Единственное, что осталось добавить, что страшная болезнь уже до самой кончины не отпускала его, боли были постоянные и жуткие, и все великие радости и жизнеутверждения Борис Михайлович нес людям, прикованный более десяти лет к инвалидной коляске. Все писал и рисовал, сидя в ней, а очень большие полотна даже подвешивали почти горизонтально к потолку, и он писал их полулежа в коляске. Так написан и знаменитый портрет Шаляпина в роскошной шубе на фоне солнечной ярмарки. Вспомните, какой мощью и силой веет от него, каким оптимизмом и упоением жизнью. А ведь помимо того, что Кустодиев создавал такие шедевры лежа, ему еще и каждое утро подолгу массировали руки, чтобы они наконец ожили и он мог бы взять кисть или карандаш.

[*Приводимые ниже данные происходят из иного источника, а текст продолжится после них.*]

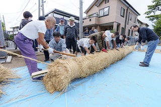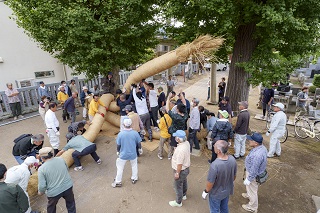 完成した大しめ縄は、重さ約500キログラムにも及ぶ勇壮な姿。化粧縄で飾り付け、花結びといわれる結び方で3つの「獅子頭」を作ってできあがりです。筆頭総代の山崎さんは「朝から多くの方に参加いただき、無事作り上げることができました。最近はこの大しめ縄を見るために県内だけでなく、県外からも見に来られる方もたくさんいらっしゃいます。これも地域の皆さんのご協力のおかげです。ありがとうございました」と話し、行事を締めくくりました。赤城神社では、18日(土曜日)に宵宮、19日(日曜日)に本祭が行われます。赤城神社の本殿に向かう38段の急階段を神輿が一気に駆け上がる勇壮な姿を、ぜひご覧ください。
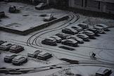 Жанровая фотография. Заснеженный автомобили на парковке у торгового центра.
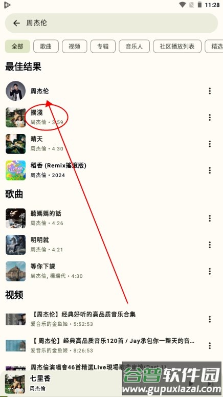 4、相关的音乐结果会立刻呈现出来;
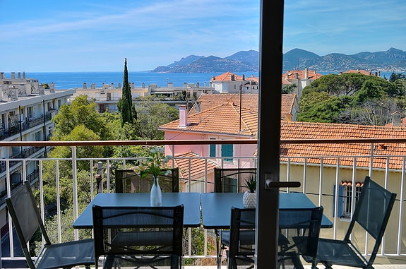 Langtids leie i Cannes: Pen 4-roms med havutsikt nær "alt", møblert, terrasser
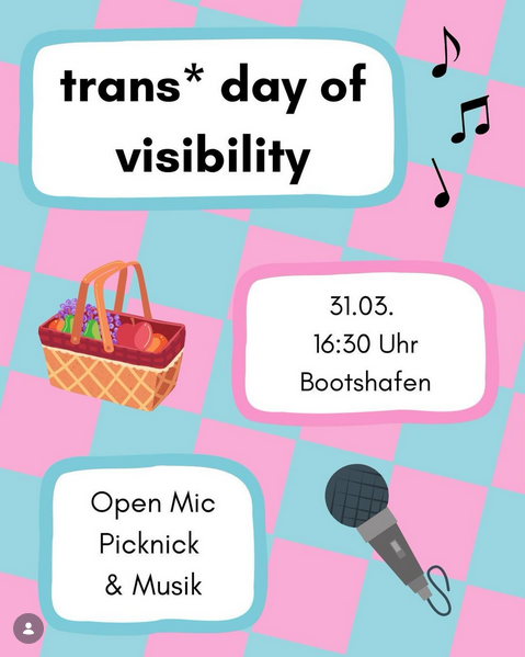 Am 31.03. ist trans* day of visibility und dieses Jahr wollen wir ihn gemeinsam am Bootshafen verbringen. 🏳️⚧️ Mit einem Open Mic, Picknick und Musik wollen wir es uns gemütlich machen. Dieses Mal wollen wir vor allem positive Erfahrungen teilen, … Weiterlesen
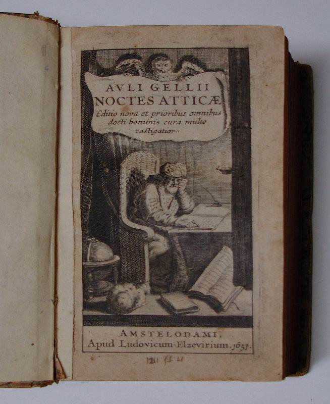 12mo. (XLVIII),498,(122 index) p. 19th cent. marbled boards. 13 cm (Ref: Neue Pauly, Suppl. 2, p. 261; Willems 1127: ‘Édition fort jolie et qui passe pour très correcte’; Berghman 2065 ; Rahir 1145; Graesse 3,46; Ebert 8287; Dibdin 1,340/41; Fabricius/Ernesti 3,10: ‘emendatissima editio’; Schweiger 2,378: ‘Neue, werthvolle Recens. nach Handschr. von Jo.Frd. Gronovius’; Brunet 2,1524: ‘Jolie édition’) (Details: 5 thongs laced through the joints; engraved title, depicting a learned writer at work under the light of an oil lamp) (Condition: Cover worn at the extremities; marbled paper on the back scuffed; lower corner of a few leaves vaguely waterstained; without the last two blank leaves. Paper somewhat yellowing) (Note: A favorite author of the Renaissance. The Latin author Aulus Gellius, ca. 125-180 AD, was never counted as a major author in antiquity, nor later. His only work ‘Noctes Atticae’ or ‘Attic Nights’, is a miscellany that ‘ranges from literature to law, from wondrous tales to moral philosophy; one of his favorite topics is the Latin language’. (…) The exposition, in a mildly archaizing but never difficult Latin, often takes the form of dialogues with or between culturally eminent persons whom Gellius had known’. It derives its name from the fact of its having been written during the long nights of a winter which the author spent in Attica as a young itinerant student. The Noctes Atticae were exploited by pagans and Christians alike in late antiquity. In medieval florilegia he is much quoted for piquant tales and moral sentiments. ‘From Petrarch onward Gellius became a favorite author of the Renaissance’. ‘More than 100 manuscripts were copied’. He was used as a valuable source of information on the Latin language, and had preserved numerous quotations from lost authors, which were presented with grace and elegance. Gellius became a model for the ‘Miscellanea’ of the Italian humanist Angelo Poliziano. ‘In the 18th century, however, new canons of elegance caused his style to seem less attractive, and compilation sank to minor merit’ (Quotations from ‘The Classical Tradition’, Cambr. Mass., 2010, p. 386/7) The 20 books of the Noctes Atticae were ably edited ‘cura docti hominis’. This learned editor was the Dutch classicist of German origin Johann Friedrich Gronov, or Gronovius, 1611-1671, He was the successor of Heinsius at the University of Leiden, and he was influenced by Vossius, Grotius, Heinsius & Scriverius. His editions mark an epoch in the study of Livy, of Seneca, Tacitus & Gellius. (Sandys, History of Classical Scholarship, 2,321) (Provenance: On the front pastedown in ink the name of ‘Berend van Marle’ or ‘Barend van Marle’, and in pencil the name of a collector of Elzeviers ‘J. van Dijck’) (Collation: * – 2*-12; A – 2C-12 (lacking the blanks 2C11 & 2C12) (Photographs on request)
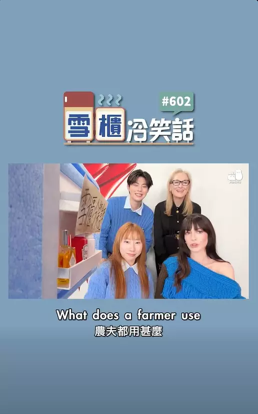 《穿PRADA的惡魔2》(The Devil Wears Prada 2)兩位時尚女王梅麗史翠普(Meryl Streep)以及安妮夏菲維(Anne Hathaway),竟然殺上香港網絡平台小薯茄玩經典的「雪櫃冷笑話」!率先登場的是梅麗史翠普,她講了一個時裝永不迷路的小故事,其後安妮夏菲維也一同挑戰,講了一個數牛牛的食字爛Gag。結果兩條不足15秒的短片,分別在IG上載一日,共錄得超過130萬次瀏覽人次,超誇張,全城更洗版式瘋傳。

Сколько и в этом подвиге истинно русского-то!

А почти что земляк Кустодиева, тоже волжанин из Хвалынска, Кузьма Сергеевич Петров-Водкин первым тогда же использовал в станковой картине принципы русской иконописи. Те же плоскостные четкие силуэтные композиции, та же цветовая гамма полнозвучных контрастных цветов-символов, среди которых преобладают красные и золотисто-охристые, а зеленые и зеленоватые и редко синие и голубоватые лишь дополняют, подчеркивают всю значимость, всю наполненность красным — прекрасным, а охристых и золотистых и их переливов — теплом, чистотой и глубочайшей задушевностью.

Петров-Водкин писал в таком иконописном ключе молодых матерей с младенцами на волжских берегах, и они воспринимались и воспринимаются как русские мадонны. Писал так же «Девушек на Волге».

Написал знаменитое «Купание красного коня», где совершенно иконописный, полыхающе-красный, могучий, вздымающийся конь с юным всадником — это, конечно же, символ России, омывающейся, очищающейся в свежей воде перед великим полетом.

Сугубо ведь русский символ-то, из самой глубокой нашей древности. И одновременно совершенно современный даже нам, нынешним, и пребудет таким, несомненно, и в будущем еще века и века.